2/6 which would allow investigators to easily guess a patients study group allocation; thus, double blinding could have been compromised.

*The composite end point included measures that were less objective; hence, the accuracy of these measures as used across 49 different

3/6 countries could have been biased, with the exception of mortality. For example, troponin level is known to be elevated after coronary angioplasty, leading to more frequent diagnosis of MI in the placebo group.

4/6 * The termination of treatment at 2.2 years was premature because the difference in cumulative incidence between the 2 groups is decreasing compared with that in earlier periods.
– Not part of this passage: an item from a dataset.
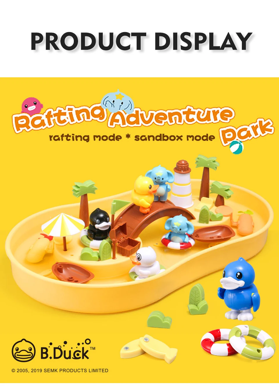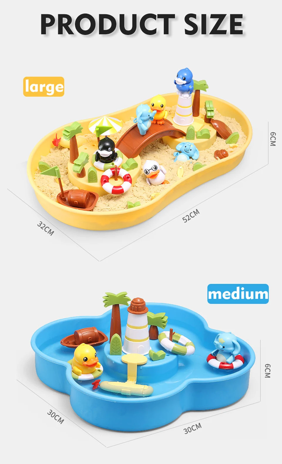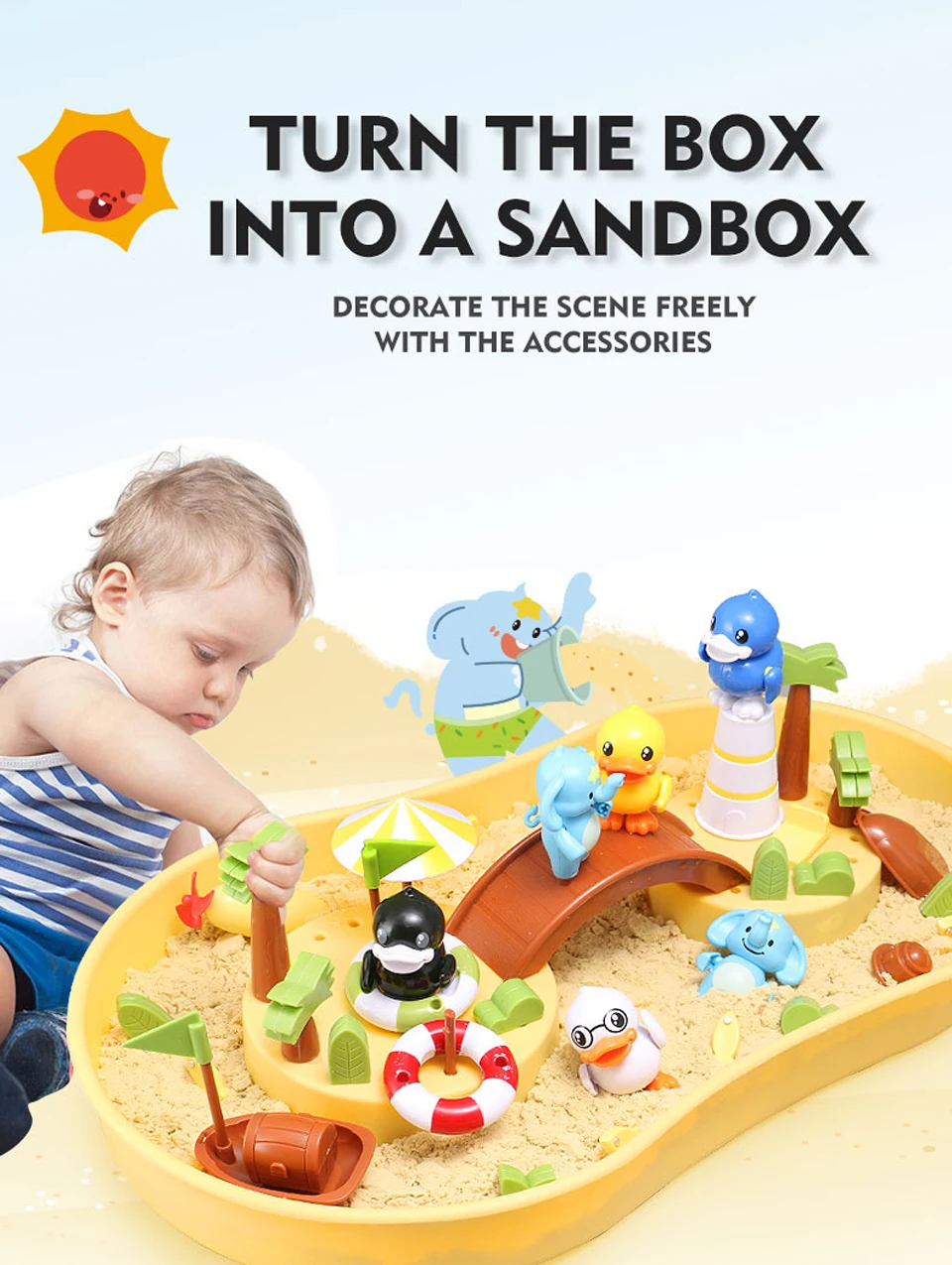 1 коробка (залейте воду или песок) 1 удочка (с магнитом) 4 фигурки (с магнитами сверху) и плавательные кольца 8 маленьких рыб (с магнитами) 2 плавающие пчелы (с магнитами) 1 подводная лодка (требуется 1 батарейка ААА) 1 Песок строительный пресс-форм Несколько украшения 1 Руководство пользователя

5/6 * Problematically, ASCVD mortality and all-cause mortality tended to be LOWER in the PLACEBO group.

*There may be serious reporting bias for adverse events in the FOURIER trial. In the many phase II studies of Repatha, infections and neurocognitive events

6/ 6 and injuries were more frequently reported in the PCSK9 inhibitor groups than in the placebo groups; however, these events were not well documented in the FOURIER trial.